Records from a dataset
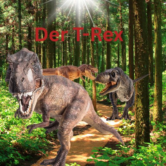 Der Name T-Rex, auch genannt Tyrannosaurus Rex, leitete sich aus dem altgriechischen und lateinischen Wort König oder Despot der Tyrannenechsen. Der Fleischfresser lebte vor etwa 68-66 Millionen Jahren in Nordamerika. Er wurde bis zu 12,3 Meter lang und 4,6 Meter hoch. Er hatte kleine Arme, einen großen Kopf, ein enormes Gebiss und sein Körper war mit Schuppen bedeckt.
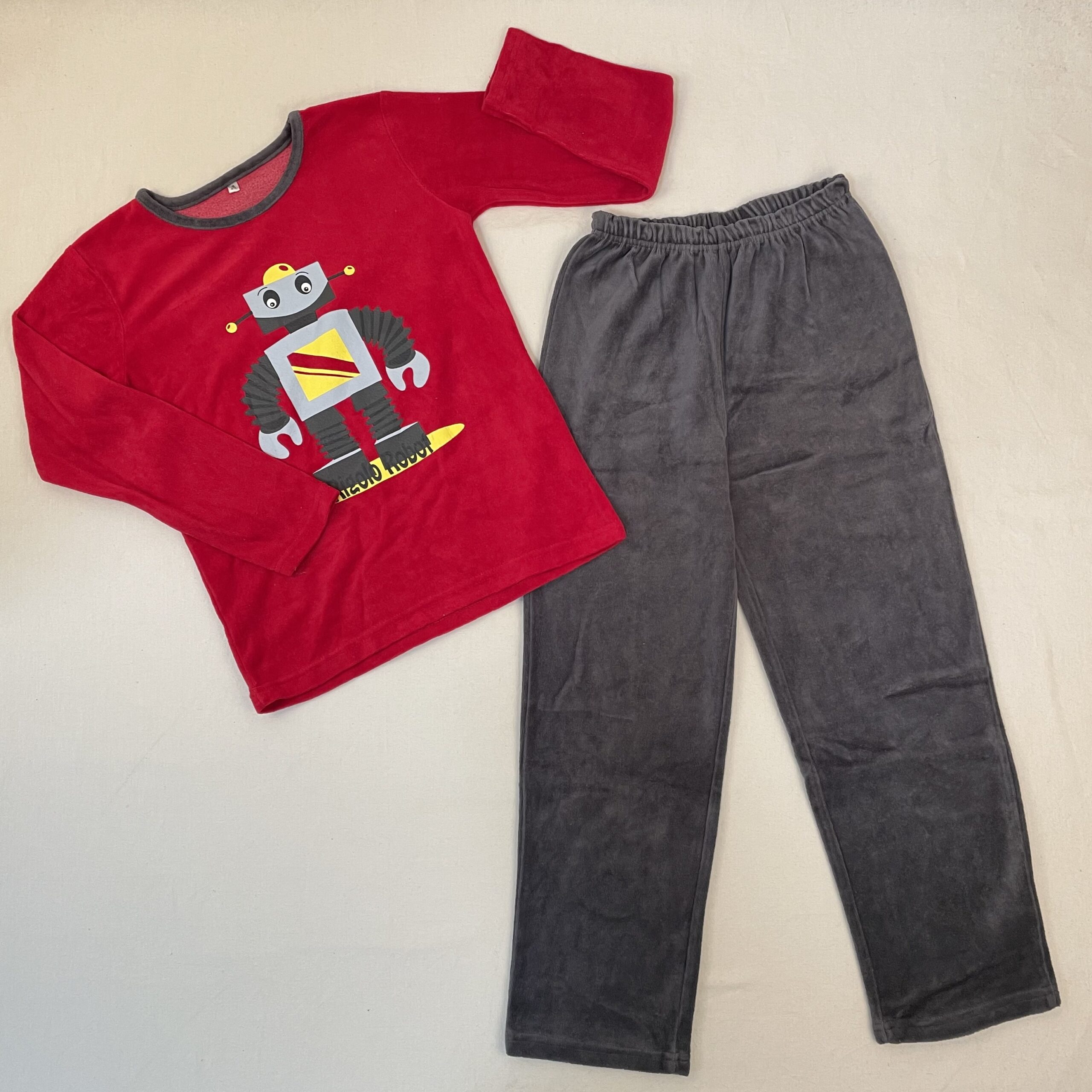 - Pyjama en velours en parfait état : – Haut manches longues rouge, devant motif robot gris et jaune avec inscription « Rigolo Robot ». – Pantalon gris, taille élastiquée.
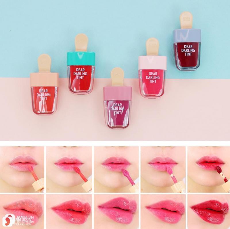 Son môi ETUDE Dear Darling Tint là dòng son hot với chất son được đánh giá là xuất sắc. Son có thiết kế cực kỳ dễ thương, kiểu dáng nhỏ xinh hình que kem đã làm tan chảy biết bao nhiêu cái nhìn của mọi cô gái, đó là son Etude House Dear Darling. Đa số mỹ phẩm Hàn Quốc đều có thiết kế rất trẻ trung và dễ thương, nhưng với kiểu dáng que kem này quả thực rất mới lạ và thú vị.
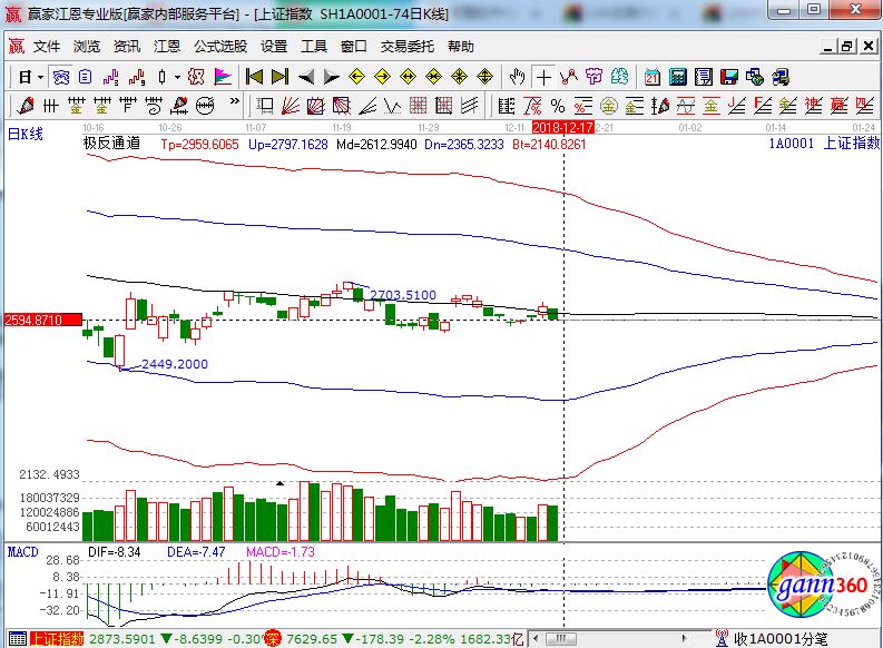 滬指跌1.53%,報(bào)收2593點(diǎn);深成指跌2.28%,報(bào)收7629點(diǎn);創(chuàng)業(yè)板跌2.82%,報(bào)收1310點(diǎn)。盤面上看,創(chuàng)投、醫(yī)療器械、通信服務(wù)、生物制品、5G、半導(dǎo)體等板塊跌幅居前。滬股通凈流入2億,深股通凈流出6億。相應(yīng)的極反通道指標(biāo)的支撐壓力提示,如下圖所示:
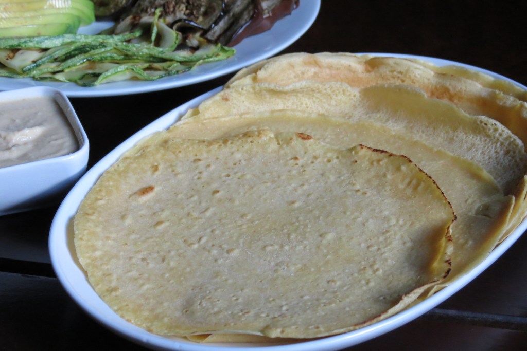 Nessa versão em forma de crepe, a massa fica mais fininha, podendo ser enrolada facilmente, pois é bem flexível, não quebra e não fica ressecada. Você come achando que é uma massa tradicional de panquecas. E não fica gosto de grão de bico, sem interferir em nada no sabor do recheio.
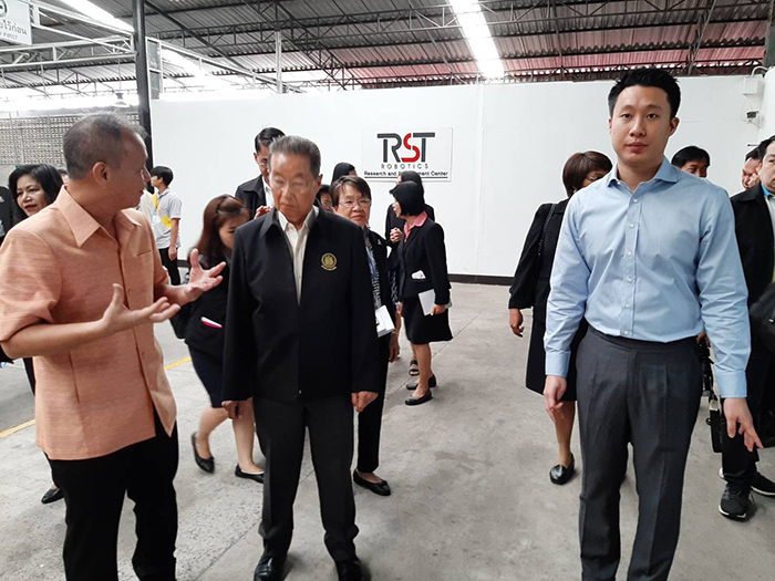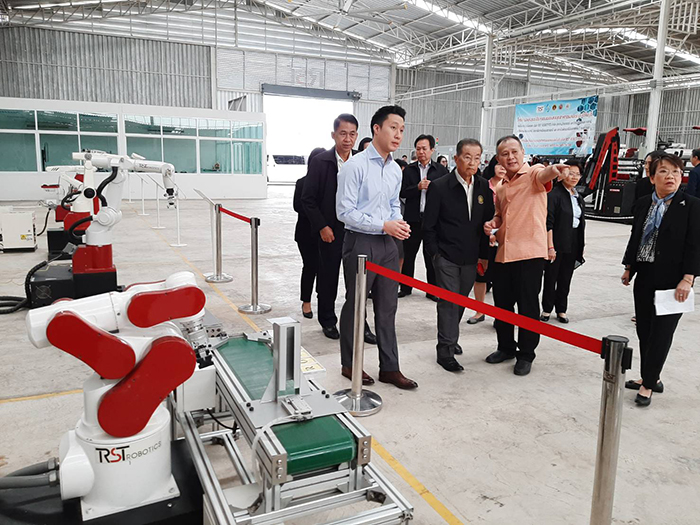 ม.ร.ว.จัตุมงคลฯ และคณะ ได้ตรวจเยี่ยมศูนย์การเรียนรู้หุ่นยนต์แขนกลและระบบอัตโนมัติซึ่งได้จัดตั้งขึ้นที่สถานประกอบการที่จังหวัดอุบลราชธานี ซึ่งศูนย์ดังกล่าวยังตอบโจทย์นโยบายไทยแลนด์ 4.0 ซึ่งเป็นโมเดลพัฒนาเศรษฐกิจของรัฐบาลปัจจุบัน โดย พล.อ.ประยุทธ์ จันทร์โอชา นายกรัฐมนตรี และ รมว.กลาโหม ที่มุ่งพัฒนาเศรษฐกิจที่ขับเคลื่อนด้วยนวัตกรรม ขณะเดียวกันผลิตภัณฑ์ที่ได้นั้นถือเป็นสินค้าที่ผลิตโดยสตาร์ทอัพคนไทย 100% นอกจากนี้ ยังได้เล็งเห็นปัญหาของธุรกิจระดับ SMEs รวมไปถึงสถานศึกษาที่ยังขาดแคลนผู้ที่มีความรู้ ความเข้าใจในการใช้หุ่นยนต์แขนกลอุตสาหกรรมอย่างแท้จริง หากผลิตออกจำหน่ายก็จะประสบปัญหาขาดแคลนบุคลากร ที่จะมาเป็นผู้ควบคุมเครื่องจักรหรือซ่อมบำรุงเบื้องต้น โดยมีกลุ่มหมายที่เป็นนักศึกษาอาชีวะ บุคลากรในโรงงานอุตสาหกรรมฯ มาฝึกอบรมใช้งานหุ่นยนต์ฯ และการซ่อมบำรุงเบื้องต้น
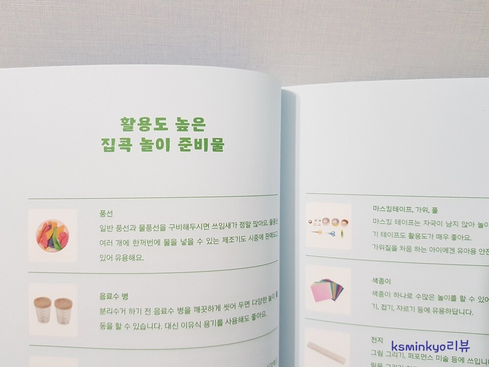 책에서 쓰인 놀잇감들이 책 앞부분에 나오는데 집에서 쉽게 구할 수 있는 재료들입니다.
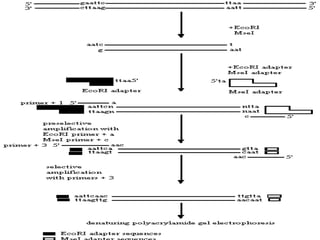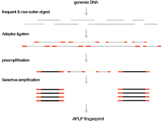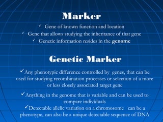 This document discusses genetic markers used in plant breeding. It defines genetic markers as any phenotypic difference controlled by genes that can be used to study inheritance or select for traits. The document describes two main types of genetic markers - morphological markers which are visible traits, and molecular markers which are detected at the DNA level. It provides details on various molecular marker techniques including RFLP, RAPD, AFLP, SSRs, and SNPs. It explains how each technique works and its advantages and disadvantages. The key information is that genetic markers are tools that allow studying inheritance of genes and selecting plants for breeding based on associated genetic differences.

#### Task instructions:
Every line from the first line of the entries above through the line with "滬指跌1.53%,報(bào" must be repeated exactly, and pictures must not be.

#### Problem solution:
 Der Name T-Rex, auch genannt Tyrannosaurus Rex, leitete sich aus dem altgriechischen und lateinischen Wort König oder Despot der Tyrannenechsen. Der Fleischfresser lebte vor etwa 68-66 Millionen Jahren in Nordamerika. Er wurde bis zu 12,3 Meter lang und 4,6 Meter hoch. Er hatte kleine Arme, einen großen Kopf, ein enormes Gebiss und sein Körper war mit Schuppen bedeckt.
 - Pyjama en velours en parfait état : – Haut manches longues rouge, devant motif robot gris et jaune avec inscription « Rigolo Robot ». – Pantalon gris, taille élastiquée.
 Son môi ETUDE Dear Darling Tint là dòng son hot với chất son được đánh giá là xuất sắc. Son có thiết kế cực kỳ dễ thương, kiểu dáng nhỏ xinh hình que kem đã làm tan chảy biết bao nhiêu cái nhìn của mọi cô gái, đó là son Etude House Dear Darling. Đa số mỹ phẩm Hàn Quốc đều có thiết kế rất trẻ trung và dễ thương, nhưng với kiểu dáng que kem này quả thực rất mới lạ và thú vị.
 滬指跌1.53%,報(bào)收2593點(diǎn);深成指跌2.28%,報(bào)收7629點(diǎn);創(chuàng)業(yè)板跌2.82%,報(bào)收1310點(diǎn)。盤面上看,創(chuàng)投、醫(yī)療器械、通信服務(wù)、生物制品、5G、半導(dǎo)體等板塊跌幅居前。滬股通凈流入2億,深股通凈流出6億。相應(yīng)的極反通道指標(biāo)的支撐壓力提示,如下圖所示:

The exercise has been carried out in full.